Сначала, само собой, и она с бабушкиных слов. Так, мол, и так, здравствуй, дорогой Никанор Егорович, шлем мы тебе низкий поклон и желаем всего самого наилучшего. Мы живем ничего, грех жаловаться, фронтовики, слава богу, начинают возвращаться, правда, пока всё пораненные, только тебя нет и нет… Между прочим, Петра Дмитриевича, соседа, ты его знаешь, выбрали председателем — вместо Сычихи, которая бригадиром осталась… Дальше про сенокос шло и про обязательства, какие колхоз взял на себя,— это все бабушка, это все ее слова, не иначе, в конце же Манюшка и от себя добавила, без подсказки: «Папаня, приезжай скорей, я сильно-сильно по тебе соскучилась. И во сне тебя каждую ночь вижу, и на дорогу все гляжу, откуда ты приедешь…»
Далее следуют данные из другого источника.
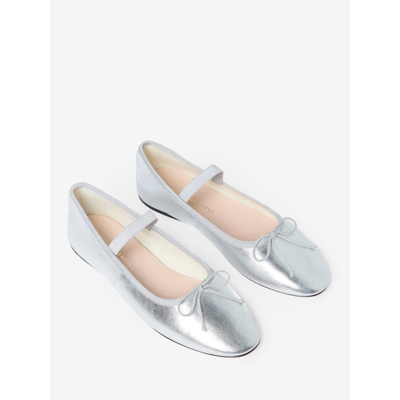 DESCRIPTION:A metallic silver ballet flat made from soft leather with an elastic bridge strap and bow detail.FEATURES:Almond ToeBow DetailElastic StrapPadded Footbed100% Leather

Ах ты, коза-стрекоза, заставила-таки батьку прослезиться.
Надо ответ писать, другой такой случай не скоро представится, а у меня в глазах туман и рука не слушается. Все же я пересилил себя и написал… Так, мол, и так, спасибо за письмо. То, что Петра Дмитриевича выбрали председателем, меня очень даже радует. Он без ноги, но с головой, даст бог, наведет порядок. А ведь у нас главное что? Главное, чтоб порядок был. Будет порядок, будет и все остальное. Мы здесь тоже надеемся на скорое возвращение, написал я и добавил, что я теперь выполняю новое важное задание и нахожусь далеко от части. Ежели, мол, письма будут приходить реже, ты, маманя, не беспокойся, со мной ничего не случится. Трудящиеся немцы — они, если разобраться, люди ничего. Во всяком случае, в спину из-за угла не стреляют. А Манюшка пусть не скучает и бабушку слушается. Я приеду, меня отпустят… Коли мир, так зачем лишних держать. Приеду и, привезу ей гостинцы. Может, и куклу привезу… Остаюсь ваш сын и отец лейтенант Никанор Калистратов.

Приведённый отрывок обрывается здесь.